Installation Galerie Block20, Wismar, 2003.
Der Erste Teil dieser Reihe entstand spontan während eines Cafe-Gespräches und markierte den Beginn einer intensiven Auseinandersetzung der zwei Künstler mit ihren unterschiedlichen Arbeitsweisen und Werken.
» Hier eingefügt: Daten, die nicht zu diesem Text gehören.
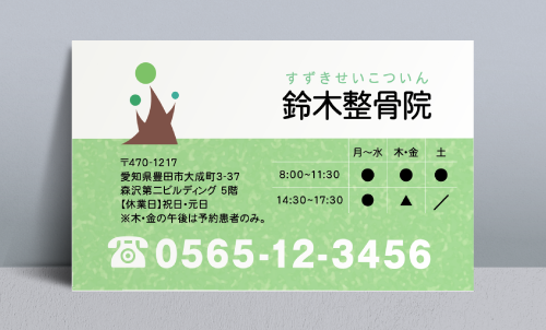 カイロプラクティック・整体院・接骨院・整骨院・鍼灸院・マッサージ 名刺デザイン seikotuin-HS-008 カテゴリ > カイロプラクティック・整体院・接骨院・整骨院・鍼灸院・マッサージ 名刺デザイン ご自身のお写真を入れたり、取り扱っている施術などを入れたりできます 表 裏 表イメージ 裏イメージ ※オンマウスで拡大表示いたします。 サイズ 91mm × 55mm このデザインで注文する このデザインでFAX注文 このデザインをお気に入りに追加 この商品に対するお問い合わせ 色違いデザイン seikotuin-HS-007 簡単料金計算 用紙を選択 ハイトーン (最もスタンダードな白い用紙) 枚数を選択 203050100150200300400500 金額をチェック 送料はこちら レビューコメント レビュー・コメントはまだありません。 閉じる レビューをお書きください このデザインのレビュー(ご感想)をぜひご記入ください レビュー入力欄 レビューは不特定多数の方がご覧になりますので、 個人情報などを含まれないようにご注意ください。 投稿していただいた内容について、弊社で不適切と判断した場合には、 お断りなく非掲載とさせていただく場合がございます。 レビュー記入者の種別 閲覧者 購入者 レビュー記入者の名前(ニックネーム) 下の数字を入力: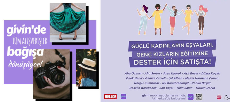 8 Mart Kadınlar Günü’ne özel HELLO! Givin Day ile, alanında güçlü kadınlar, kişisel eşyalarını Givin mobil- uygulaması aracılığıyla Türk Eğitim Vakfı’nın “Eğitimli Kızlar, Umutlu Yarınlar” projesine destek için bağışa dönüştürerek 60 genç kızın eğitim burslarına destek oldu.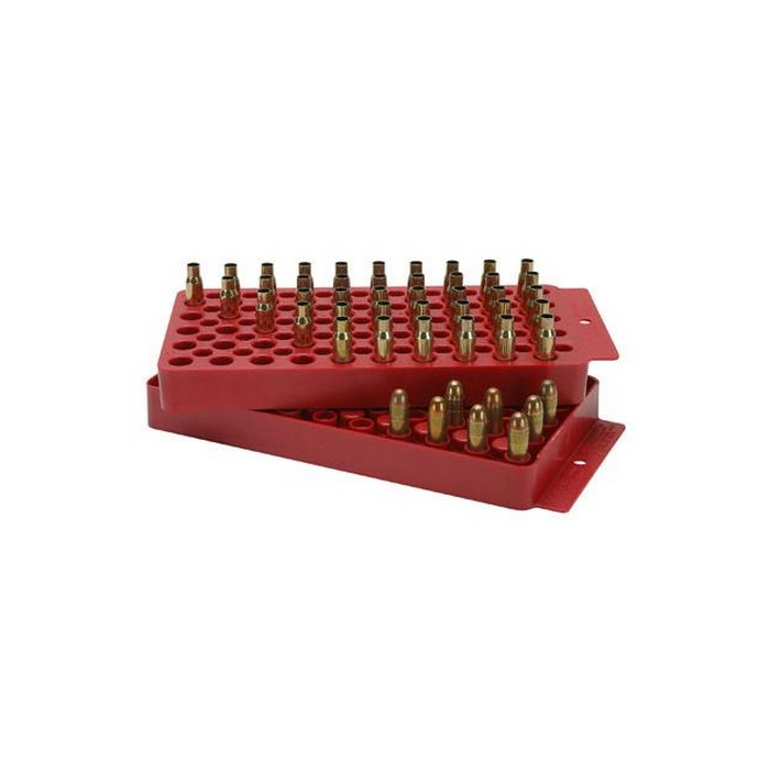 Designed to hold 50 rounds for loading. The Universal Reloading Tray has been redesigned to be able to handle more rounds than ever. While it still holds almost all rifle cartridges .17 through .458 Winchester and handgun calibers for 9MM, .38, 40 and .45 pistol calibers. It also now fits newer rounds, such as the WSM, WSSM, Rem, Ultra Mags and the 500 S&W Mag.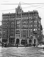 Elmer H. Fisher, an exponent of the Richardsonian Romanesque style, came to prominence immediately after the 1889 fire; he designed many of the new "fireproof" buildings in what is now the Pioneer Square neighborhood.[22] His best-known surviving building is the Pioneer Building (built 1889–1891) directly on Pioneer Square at First and Yesler; his equally grand Burke Building, built at the same time, was demolished to make way for the Henry M. Jackson Federal Building; a few of its decorative elements survive on the plaza of that Federal Building. Two other surviving Fisher buildings are also right at First and Yesler: the Yesler Building on the southwest corner and the Mutual of New York Building on the northwest corner, both initially built 1890–1891 and later enlarged. His Austin A. Bell Building (1889–1890, now Bell Apartments) remains an equally prominent feature of Belltown.[23]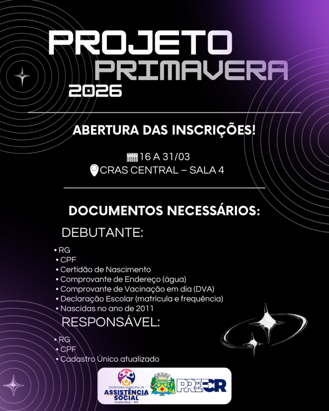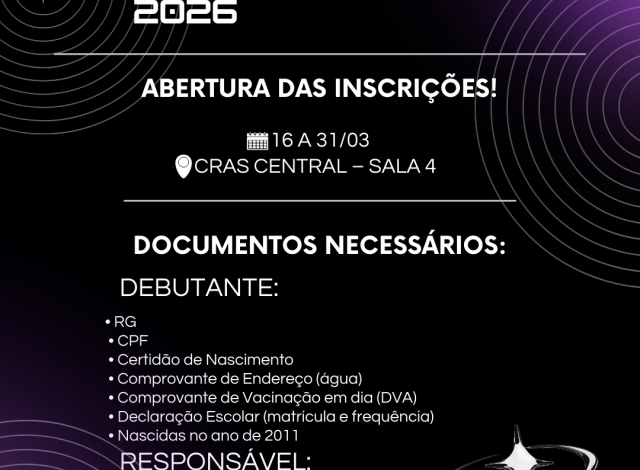 Entre os documentos necessários para a debutante estão RG, CPF, certidão de nascimento, comprovante de endereço, comprovante de vacinação em dia (DVA) e declaração escolar que comprove matrícula e frequência. Já o responsável deve apresentar RG, CPF e Cadastro Único atualizado.
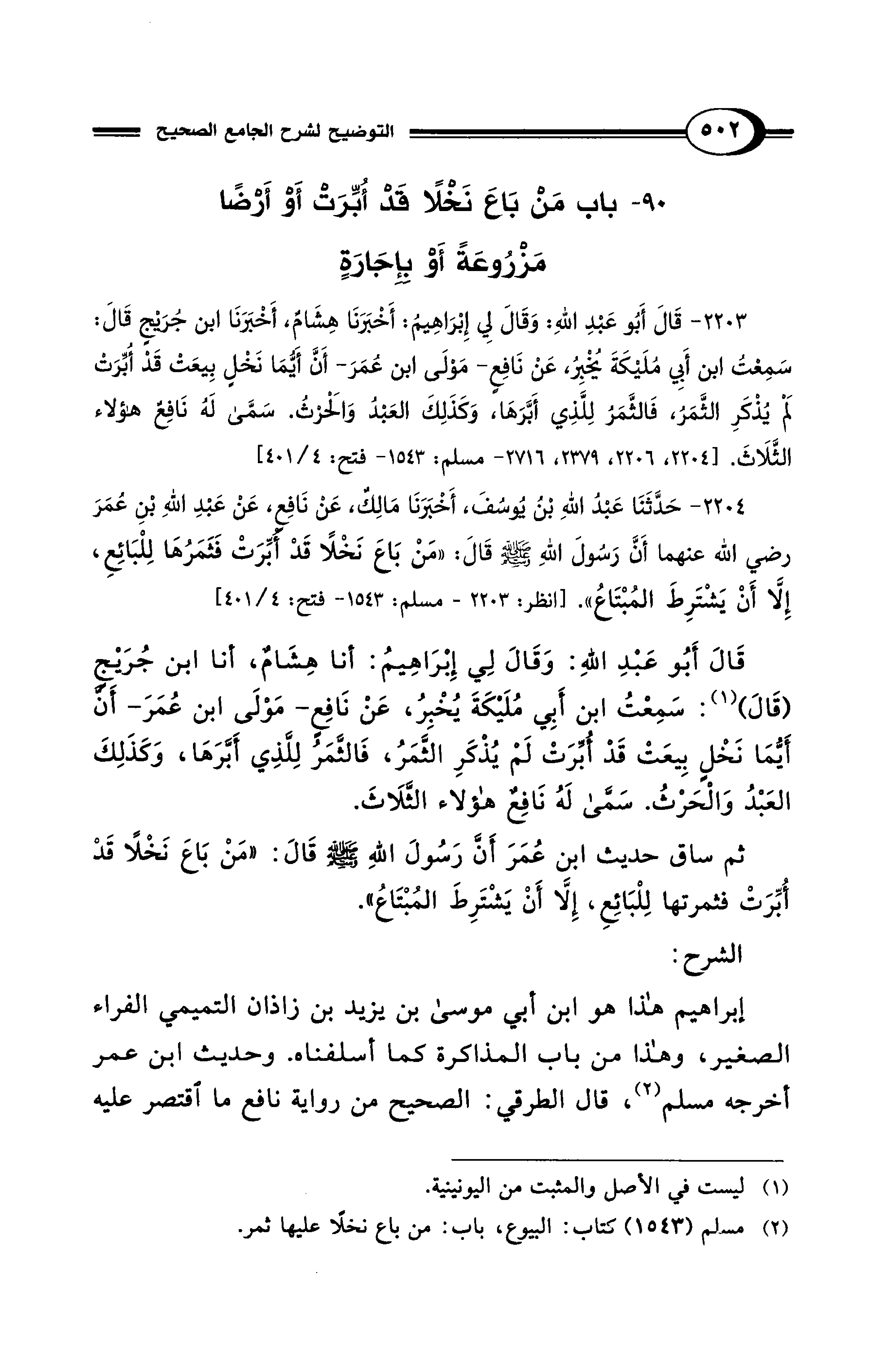 2203 - قَالَ أَبُو عَبْدِ اللهِ: وَقَالَ لِي إِبْرَاهِيمُ: أَخْبَرَنَا هِشَامٌ، أَخْبَرَنَا ابْنُ جُرَيْجٍ قَالَ سَمِعْتُ ابْنَ أَبِي مُلَيْكَةَ يُخْبِرُ، عَنْ نَافِعٍ -مَوْلَى ابْنِ عُمَرَ- أَنَّ أَيُّمَا نَخْلٍ بِيعَتْ قَدْ أُبِّرَتْ لَمْ يُذْكَرِ الثَّمَرُ، فَالثَّمَرُ لِلَّذِي أَبَّرَهَا، وَكَذَلِكَ العَبْدُ وَالحَرْثُ. سَمَّى لَهُ نَافِعٌ هَؤُلاَءِ الثَّلاَثَ. [2204، 2206، 2379، 2716 - مسلم: 1543 - فتح: 4/ 401]

Die resultierende Installation war ein Dialog über Raum, Zeit und dem Gefühl des Unbehagens gegenüber der modernen Welt und bestand zunächst aus einer Kombination verschiedener Arbeiten der Künstler.
Einerseits geht es um Orte der Melancholie im Rahmen eines Aufenthaltes Til Fabers in London, andererseits um das Konservieren von Zeit und Ereignis in Hinblick auf eine symbolische Altersschwelle des 30sten Geburtstags Marc W1353ls und damit um den Irrglauben, Tage, Orte, Erinnerungen eins-zu-eins weitergeben oder selbst erinnern zu können, so, als könnten sie in einem Vakuum konserviert werden.
Diese Arbeit besteht aus einer Reihe von schwarzweißen Gummidrucken, einer Boden- resp. Wandinstallation aus vakuumierten Multiples und einem Gedicht von Rainer Maria Rilke in Form eines verbindenden Textfeldes.
Diese Gesamtinstallation wurde zuerst für den Kunstverein Wismar entwickelt und am 22.02.2003 erstmals in der Galerie Block 20 gezeigt.